Em 14 de março de 1914, nascia Carolina Maria de Jesus. Negra, pobre, mãe solteira e favelada, Carolina é uma das mais importantes escritoras da literatura brasileira. Já conhecida na antiga Favela do Canindé por escrever em cadernos que encontrava no lixo, a catadora de papel viu sua vida mudar após conhecer o jornalista Audálio Dantas. Ela se tornou célebre pela obra Quarto de despejo – Diário de uma favelada, coletânea de textos em formato de diário, publicadas semanalmente no Jornal Folha da Noite, e que depois viraram livro.
Num tempo em que vozes dissonantes não possuíam qualquer alcance na mídia hegemônica, Carolina Maria de Jesus foi uma das primeiras a falar pela periferia, ocupando com propriedade este lugar de fala quando o dito conceito ainda engatinhava. Ela foi uma pioneira ao esboçar a vida na favela como ela é por dentro – uma vida dura, mas que pode ser carregada do lirismo das coisas simples. Não à toa, seus relatos de miséria, fome e crueza da vida de uma mãe de três filhos se tornaram uma traduzida para mais de 10 idiomas, com 80 mil cópias vendidas.
O sucesso de Carolina no fim dos anos 1950 se localiza no mesmo momento da linha do tempo da cultura brasileira em que a favela e a periferia começam a ser olhadas pela arte de maneira levemente mais sensível – apesar do já eterno papel de espetacularização da pobreza e da violência reservado pela mídia a este tipo de ocupação urbana. Datam da mesma época de Quarto de despejo grandes obras do cinema nacional sobre o tema, como Rio Zona Norte (1955), de Nelson Pereira dos Santos, além da (re) descoberta de grandes compositores favelados do samba através da bossa nova.
Resgatada principalmente pelo movimento negro depois de décadas de esquecimento, a história da escritora, além de contribuir para a literatura brasileira como um todo, ajudou a formar a própria ideia de identidade na favela – conceito caro e importante, que conhecemos tão bem e do qual tanto nos orgulhamos.

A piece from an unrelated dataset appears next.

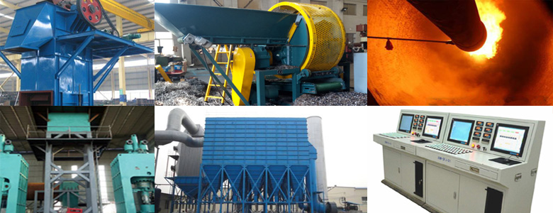 主要設備:金屬破碎機、斗式提升機、控溫爐、自動化控制系統、熱壓餅機(金屬屑壓餅機,生鐵屑壓餅機,熟鐵屑壓餅機,鋼屑壓餅機,粒子鋼壓餅機)、除塵器及附屬設備。

Lembrar de Carolina Maria de Jesus um dia depois da comemoração de seu 103º aniversário é batalhar para manter esta memória viva e de maneira permanente. É sonhar com o quanto de potência de tudo podemos ver acontecer em espaços reservados ao nada. É celebrar as muitas guerreiras que vivem em barracos, mas que não deixam de admirar as estrelas.